Topic Naming Conventions
------------------------

All Broker-based messaging involves two components: the information you
want to send (e.g. an event w/ its arguments) along with an associated
topic name string.  The topic strings are used as a filtering mechanism:
Broker uses a publish/subscribe communication pattern where peers
advertise interest in topic **prefixes** and only receive messages which
match one of their prefix subscriptions.

Broker itself supports arbitrary topic strings, however Bro generally
follows certain conventions in choosing these topics to help avoid
conflicts and generally make them easier to remember.

As a reminder of how topic subscriptions work, subscribers advertise
interest in a topic **prefix** and then receive any messages published by a
peer to a topic name that starts with that prefix.  E.g. Alice
subscribes to the "alice/dogs" prefix, then would receive the following
message topics published by Bob:

- topic "alice/dogs/corgi"
- topic "alice/dogs"
- topic "alice/dogsarecool/oratleastilikethem"

Alice would **not** receive the following message topics published by Bob:

- topic "alice/cats/siamese"
- topic "alice/cats"
- topic "alice/dog"
- topic "alice"

Note that the topics aren't required to form a slash-delimited hierarchy,
the subscription matching is purely a byte-per-byte prefix comparison.

However, Bro scripts generally will follow a topic naming hierarchy and
any given script will make the topic names it uses apparent via some
redef'able constant in its export section.  Generally topics that Bro
scripts use will be along the lines of "bro/<namespace>/<specifics>"
with "<namespace>" being the script's module name (in all-undercase).
For example, you might expect an imaginary "Pretend" framework to
publish/subscribe using topic names like "bro/pretend/my_cool_event".
For scripts that use Broker as a means of cluster-aware analysis,
it's usually sufficient for them to make use of the topics declared
by the cluster framework.  For scripts that are meant to establish
communication flows unrelated to Bro cluster, new topics are declared
(examples being the NetControl and Control frameworks).

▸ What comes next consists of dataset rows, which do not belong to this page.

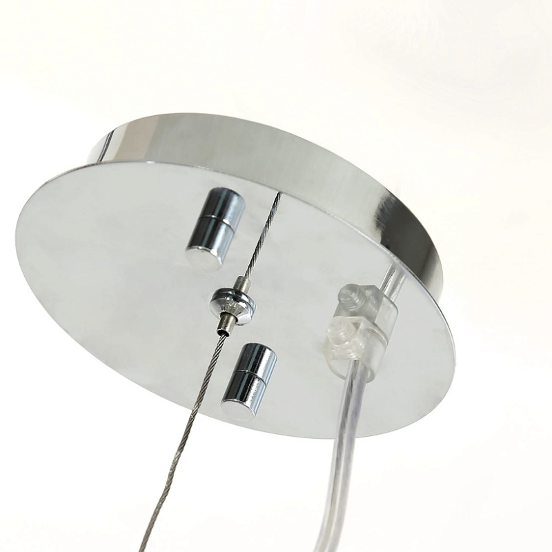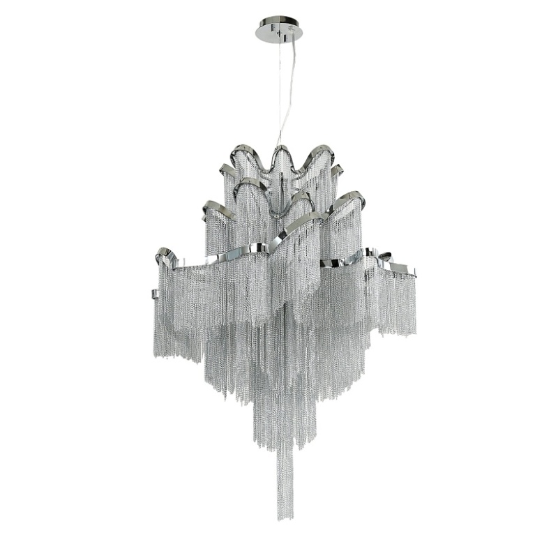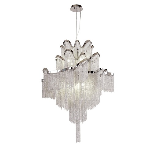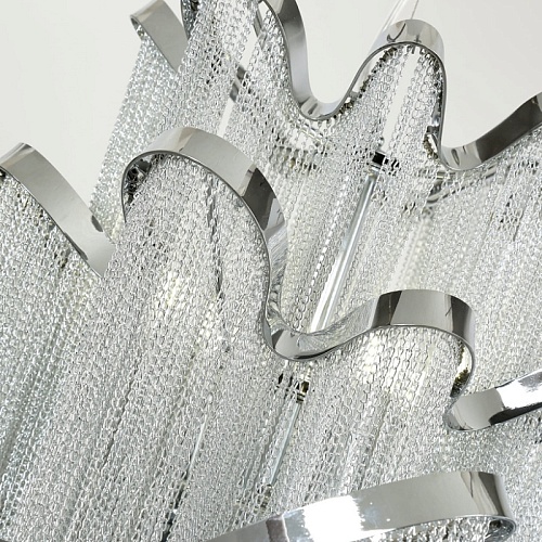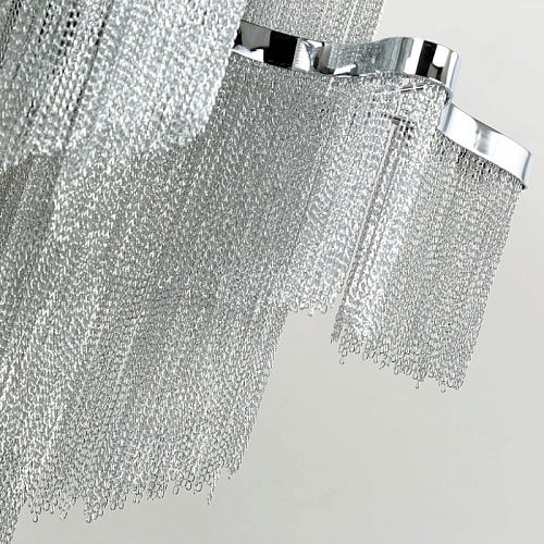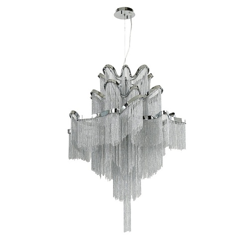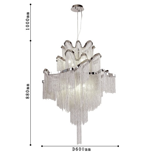 Металлический хромированный каркас, декор из серебристых цепочек, регулируемая высота, сменная лампа, цоколь Е14.
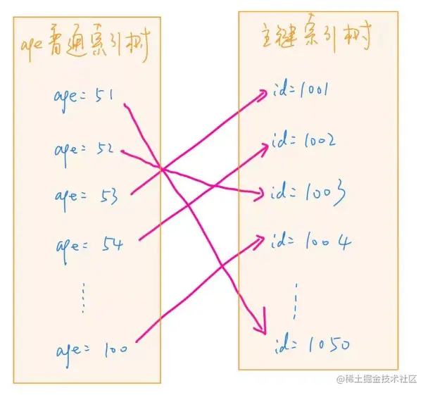 当然,这是理想情况,如果 age 对应的 id 值不是顺序的话,那当我们顺序取 age 的时候,id 的获取就是乱序随机的了,性能就会比较差。解释下为什么这里乱序查询的性能就比较差:
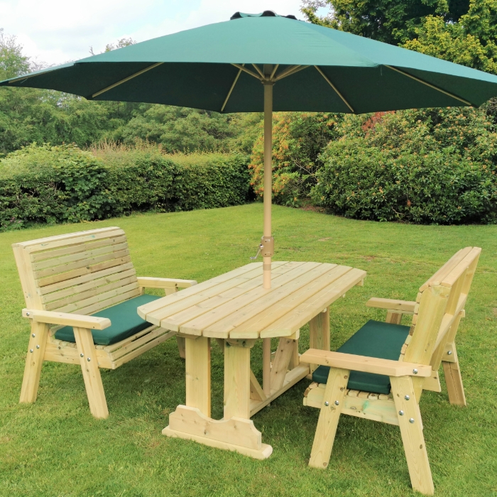 A truly stunning garden set including a stylish table and two 2-seater benches. This beautiful arrangement has been built by British craftsmen in this unique style using the finest Swedish Redwood. Extra care has been taken to have the wood pressure treated which prevents rot for up to 25 years.
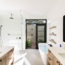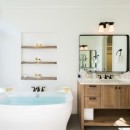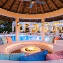 Some of the other amenities that stand out include an open living space that bridges the indoor and outdoor areas, an indoor-outdoor bar for sipping cocktails and entertaining, and several shared lounge and dining areas. When you step farther outside, you’ll have the chance to experience a curved poolside lounge with a fire pit, a yoga and sunbathing deck, and two different pools.

For cluster operation, see :doc:`/scripts/base/frameworks/cluster/main.bro`
for a list of topics that are useful for steering published events to
the various node classes.  E.g. you have the ability to broadcast
to all nodes of a given class (e.g. just workers) or just send to a
specific node within a class.

The topic names that logs get published under are a bit nuanced.  In the
default cluster configuration, they are round-robin published to
explicit topic names that identify a single logger.  In standalone Bro
processes, logs get published to the topic indicated by
:bro:see:`Broker::default_log_topic_prefix`.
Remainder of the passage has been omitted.